I think that this situation can be considerably improved by implementing some or all of the following options:

  1. Show the plugins in the list, just like the items to drop. They could either be part of the list and be marked with a bullet or they could be displayed when you hold the Ctrl button down.
  2. Add a side panel to QD which will show configuration options for the currently selected plugin. This panel could also be used to show the icon and context help/description for non-plugins.
  3. Filter the list of plugins based on the selection. This would require each plugin to have another VI which will be called initially and analyze the selection to decide if it should be displayed. This is what the RCF does, but I'm actually not so happy about this one for two reasons:
    • In the RCF this causes a lag in displaying the menu because it has to run the VI from every single plugin. The more plugins you have the worse it gets. This could probably be handled in QD by running these VIs asynchronously and updating the list as the results come in, but I don't think it's actually needed because:
    • Unlike the RCF, QD has another filtering mechanism – the search. Even if the initial list of options is long, it's very easy to make it short, unlike the RCF where the menu displays everything that you put into it.
  4. An alternative to 2 would be for each plugin to display a popup if it wants additional configuration, but I think it would be nice if this was part of a standard framework.

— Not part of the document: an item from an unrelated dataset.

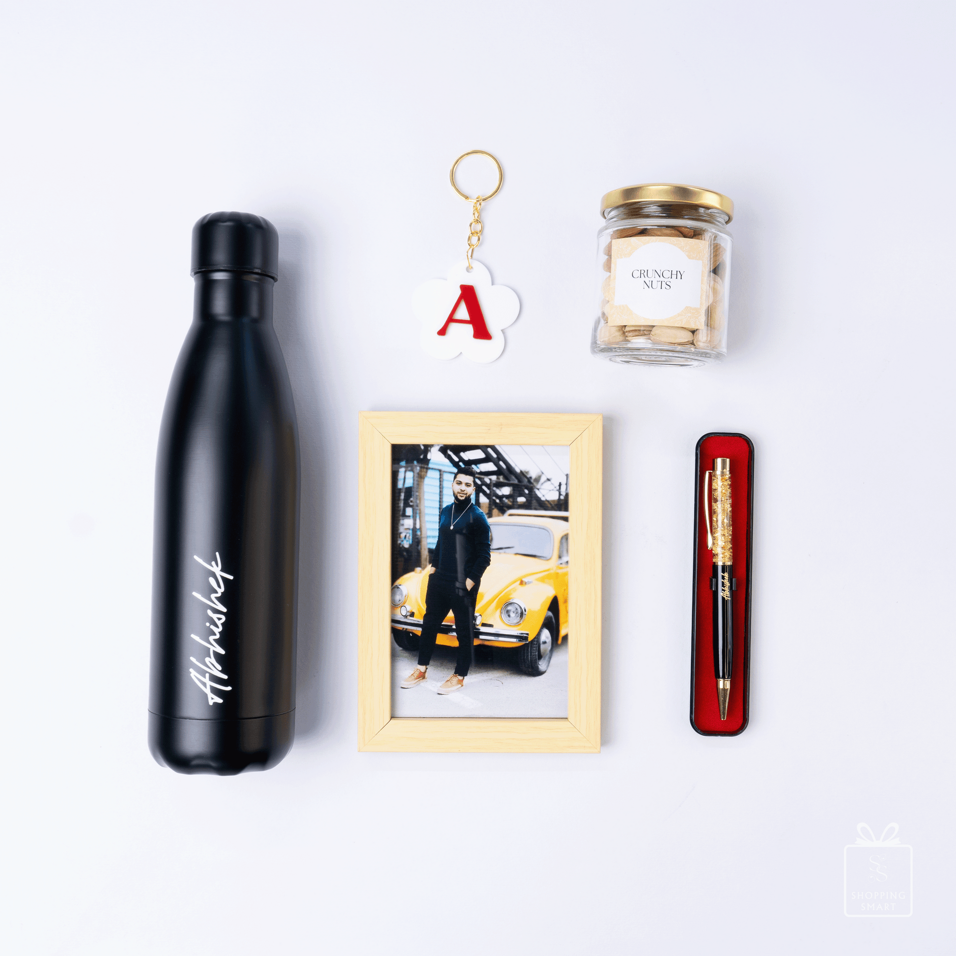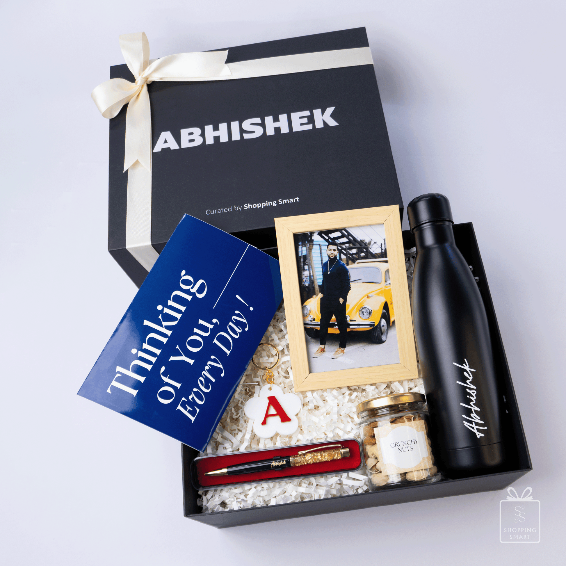 Unwrap elegance with this thoughtfully curated gift set featuring a sleek stealth hydration bottle 750ml, luxury pen, crunchy nuts 100gms, initial keyring, heartfelt message card, and a memory frame 4r. Perfect for birthdays, anniversaries, wedding, milestones, or corporate gifting—this hamper blends style, utility, and personal charm.

Here's a short video showing what options 1 and 2 could look like. You'll note that the plugins have a bullet - . Of course, in this video I don't actually show the help or the settings for the plugins, but it's just supposed to be a rough mockup.

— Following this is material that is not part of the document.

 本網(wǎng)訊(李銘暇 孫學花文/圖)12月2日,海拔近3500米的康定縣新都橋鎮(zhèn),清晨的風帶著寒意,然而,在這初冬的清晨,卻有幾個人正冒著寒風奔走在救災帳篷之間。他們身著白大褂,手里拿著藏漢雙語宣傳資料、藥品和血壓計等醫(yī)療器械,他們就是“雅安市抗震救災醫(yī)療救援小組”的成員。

Try to take over the world!
0 Kudos
Message 9 of 34

I like my QD window small and fast. I'm only looking at it when searching project VIs or other not frequently used items.

I'd even prefer it, if i'd not have to open QD to fire QD-Ctrl-Key-Shortcuts.

If you want a single UI for QD Shortcut access you could write a single Shortcut opening a UI serving as function filter and selector.

In general it seems to me that you are more thinking about the QD than actually using it in the current form.

It is pretty adaptable to your personal needs.

To advertise the Quickdrop feature i'd recommend to create and publish some QD programming footage.

(With overlay of used shortcuts and slow motion parts where needed)

Showing some badass programming skillz of World's Fastest LabVIEW Programmer!

That's viral marketing. People like viral marketing these days.